Now our return dates are almost fixed, we will shortly book the flights to Gatwick, via Amsterdam with KLM and BA.  Our kids have returned a few of the items we lent them in 2009 that they have finished with or can do without for 3 months and we have a bed and mattress in our garage but precious little else.  Might have to buy a couple of beanbags and a kettle but I’m sure we can manage.  It will be like indoor camping but probably best, as we want to paint the rooms in neutral colours before renting the house out in the autumn and it will be easier to decorate without any furniture to move around.

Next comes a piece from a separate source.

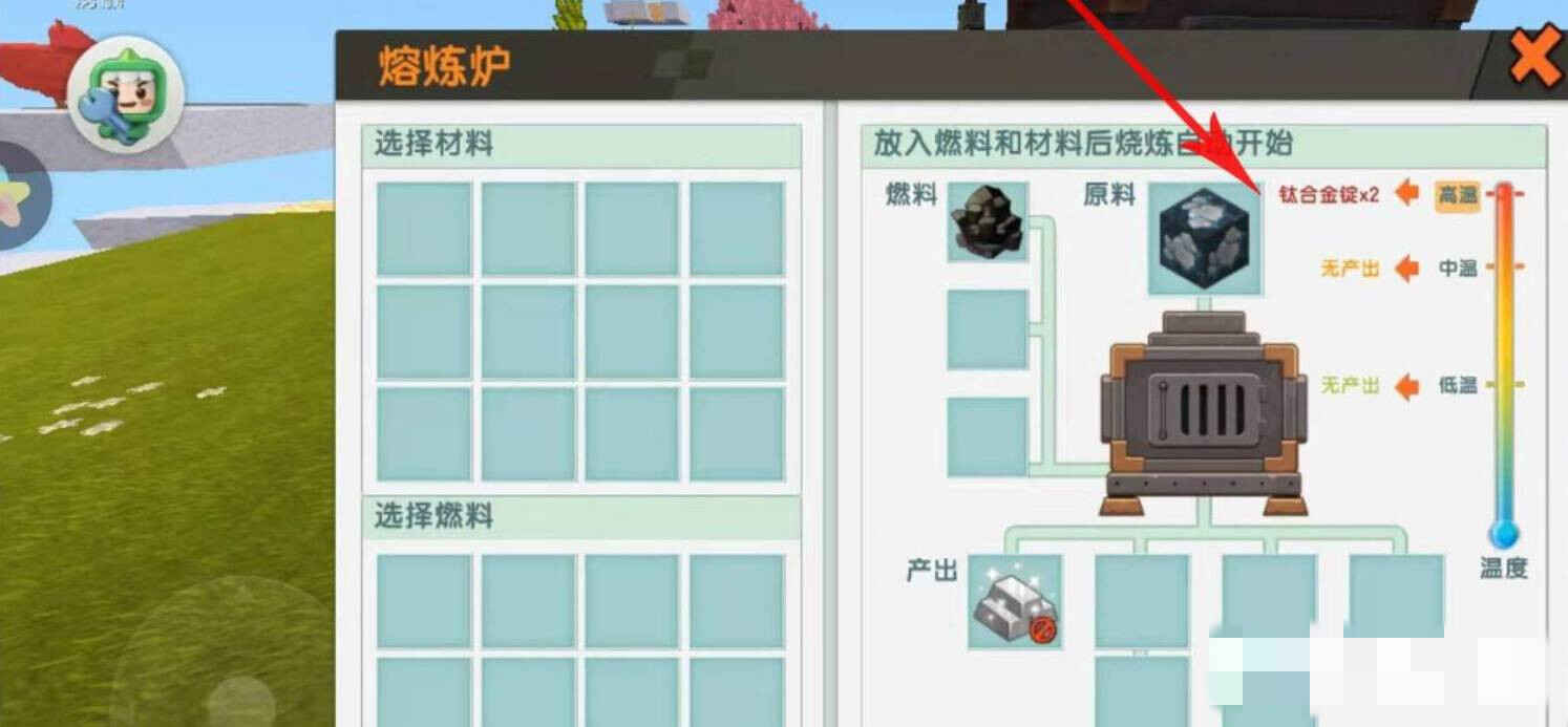 1、打開迷你世界游戏,玩家需要在铁炉中熔炼钛合金矿获(huo)取钛合金锭。

Yesterday we filled our diesel tanks to reduce condensation whilst we are gone and topped up on water just because it is a reasonable price here.  The diesel was 52p a litre.  What is expensive in Bonaire is cooking gas and we’ve been told it is far cheaper in Curaçao.

Just Flying Along - We Will Miss Sailing For 3 Months

Tomorrow, we set sail at around 0700 for Curaçao, as it is the best weather window for some time, the forecast giving high winds of Force 5-6 for the next 10 days after that!  At least it will be downwind and we can float west on just the genoa and it should only take 5 hours.  The marina has space for us now, 3 weeks ahead of time, which gives us a week to prepare Beyzy for being left for 3 hot months.  Also, our generator started spluttering and has a salt water leak, so that might need to come out of the locker in the stern and have a service and new parts.  The main engine also needs extensive servicing as the engine hours are approaching 2500.  Before we head to the more remote islands, off Panama and Honduras, we need to ensure the essential equipment is working properly and we have the opportunity to bring spares from the UK if necessary.  I can see some additional luggage allowance being bought in October!